Of this I stand in awe, thus to remain
Enamored, respectful, humbled for all that is you.
Your warn hands, soft yet strong
Allow your heart's true meaning to flood through
Into my weakened body, for that I long.
No grateful words give meaning
To the vastness I feel
When into your eyes I bring myself to peer.
One mind, one heart, All.
Your smile reminds me of this,
Walking not alone.
Flower fallen to Earth,
Reminding others to Fly.
Your wounded heart, by childhoods' days,
Appearing behind your grown-up eyes
Comes lashing out on harshly spoken words.
The sweet, little boy, alone lays
Curled up inside, each day dies,
As words from past voices are deferred.
I cry for you, wait for your release
Of the remorse you hold so dear
Until the day, your freedom. you can see.

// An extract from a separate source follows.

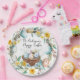 Korb mit Eiern und blumengeschmückten Ostern Pappteller
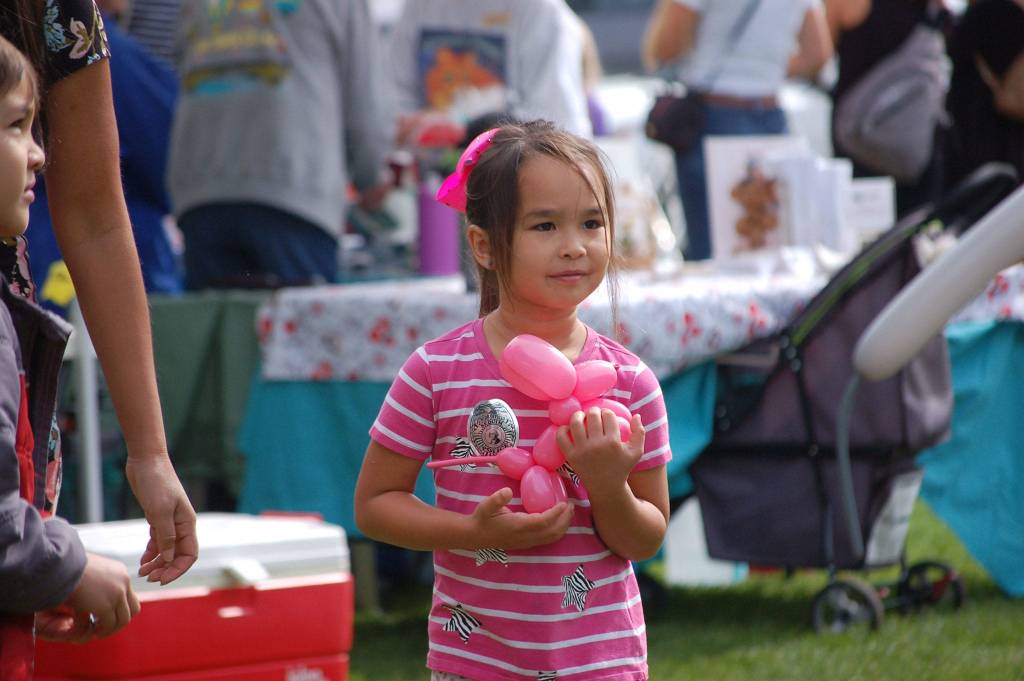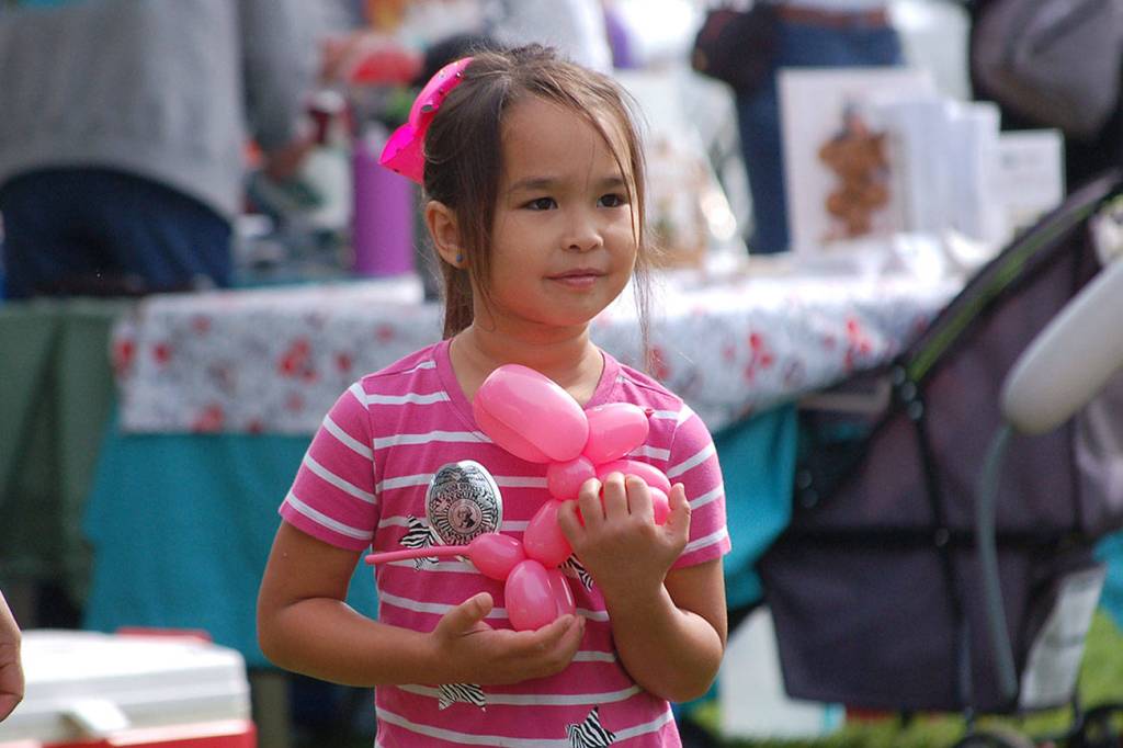 Isabella Greimes, 6, of Sequim, holds a balloon animal in the shape of a dog at the Sequim Dog Park’s 11th-annual birthday celebration at Carrie Blake Park.

To walk with you, both abandoning dis-ease,
Hand in hand, both allowing our fear
To dissolve as a sugar cube in a cup of hot tea.
I married you, a child we bore,
Who now must carry our burden
Of loving each other yet letting it go,
Long before our broken hearts tore
Free from what destruction did levy
Upon our will to a true marriage sow.
My wounded heart, by childhood's days.
Dwells in every line on my now weary face,
Softened only slightly when tears dampen
The memories, with warm, soft grace.